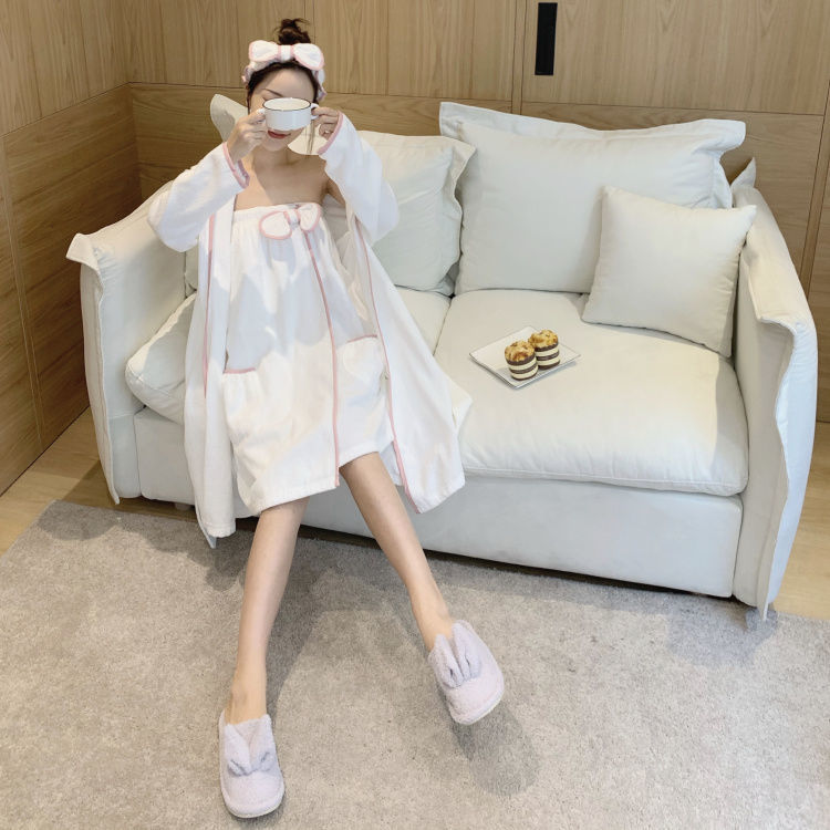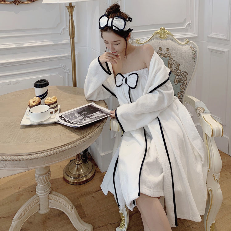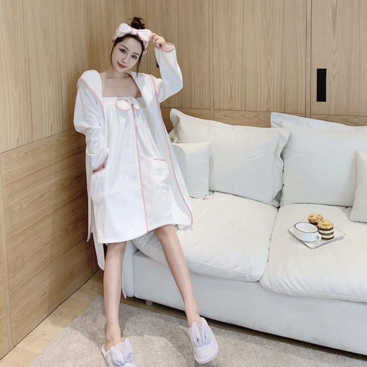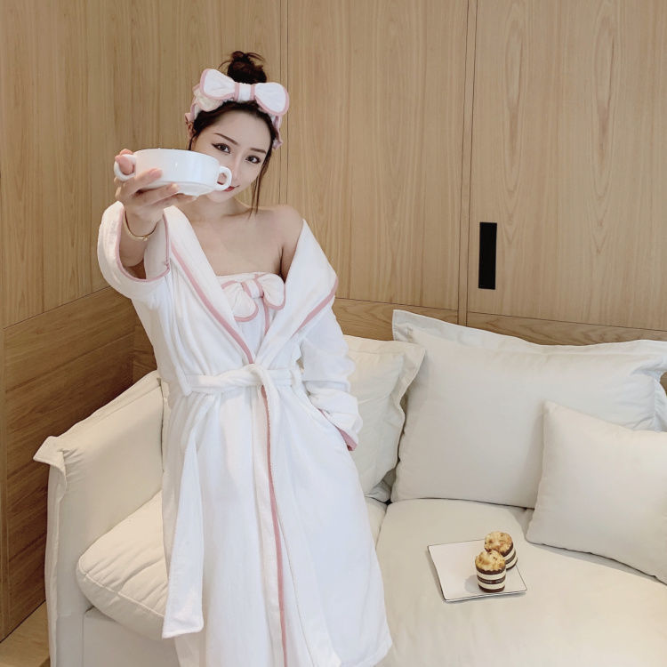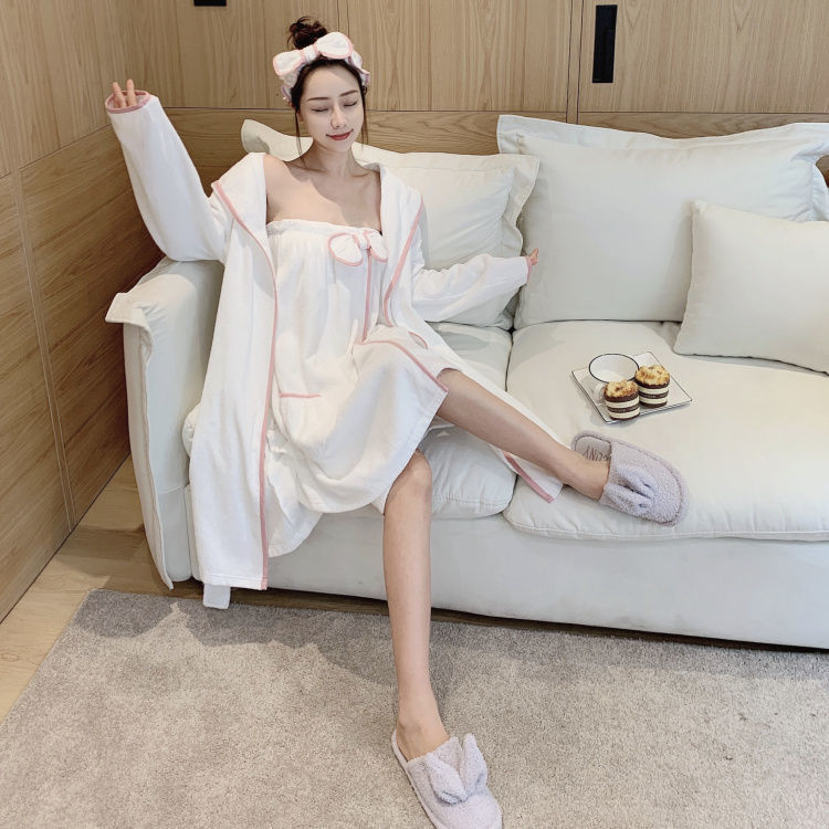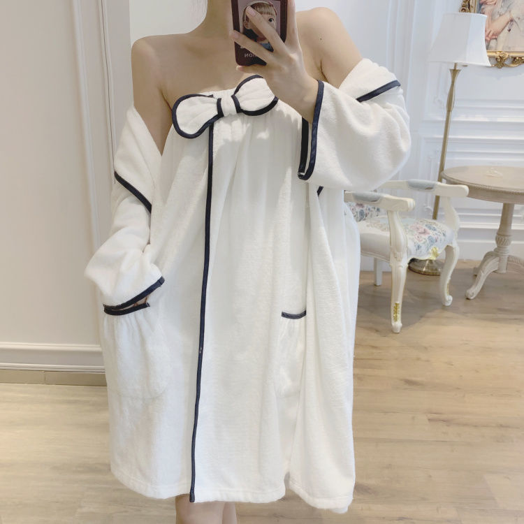새로운 스타일 목욕 타월 여성 나이트 가운 목욕 스커트 유방 포장 성인 목욕 가운 한국식 귀여운 학생 흡수성 헤어 3 피스 세트스토어 가기
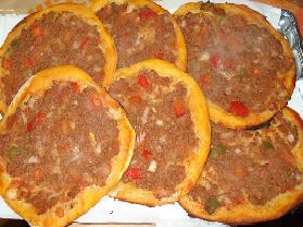 تخلط المواد أعلاه جيدا ثم نأخذ قطع من العجين ونقوم بفردها باستخدام (الشوبك) وتوضع في صينية الفرن وتوضع فوقها كمية معقولة من الصلصة التي قمنا بأعدادها سابقا وتوضع بالفرن مدة عشرون دقيقة حتى تنضج
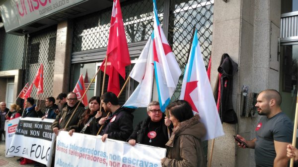 A folga de 24 horas convocada a nivel estatal por todas as organizacións sindicais con representación en Unísono, empresa dos sector dos centros de chamadas, superou o 80% de seguimento en Galiza, onde as empregadas/os se mobilizaron diante dos tres centros de traballo de Vigo. Con esta medida queren rexeitar a contratación fraudulenta “e case en exclusiva” a través de ETT e as numerosas ilegalidades laborais que está a cometer a dirección.
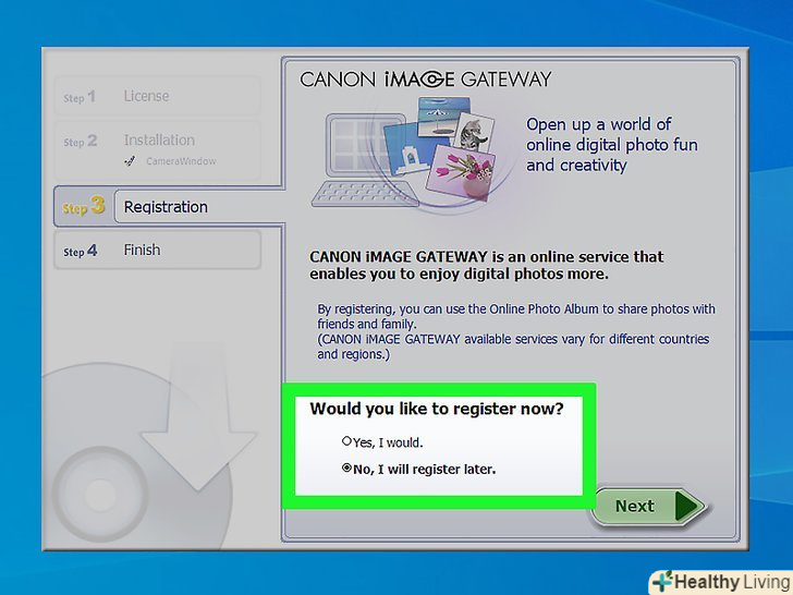 Виберіть варіант зареєструватися пізніше.поставте галочку в поле "ні, зареєструватися пізніше" і натисніть OK після запиту.

==========

- Work to complete -
Leave out the pictures, and write out all the remaining data above exactly.

- Solved problem -
새로운 스타일 목욕 타월 여성 나이트 가운 목욕 스커트 유방 포장 성인 목욕 가운 한국식 귀여운 학생 흡수성 헤어 3 피스 세트스토어 가기
 تخلط المواد أعلاه جيدا ثم نأخذ قطع من العجين ونقوم بفردها باستخدام (الشوبك) وتوضع في صينية الفرن وتوضع فوقها كمية معقولة من الصلصة التي قمنا بأعدادها سابقا وتوضع بالفرن مدة عشرون دقيقة حتى تنضج
 A folga de 24 horas convocada a nivel estatal por todas as organizacións sindicais con representación en Unísono, empresa dos sector dos centros de chamadas, superou o 80% de seguimento en Galiza, onde as empregadas/os se mobilizaron diante dos tres centros de traballo de Vigo. Con esta medida queren rexeitar a contratación fraudulenta “e case en exclusiva” a través de ETT e as numerosas ilegalidades laborais que está a cometer a dirección.
 Виберіть варіант зареєструватися пізніше.поставте галочку в поле "ні, зареєструватися пізніше" і натисніть OK після запиту.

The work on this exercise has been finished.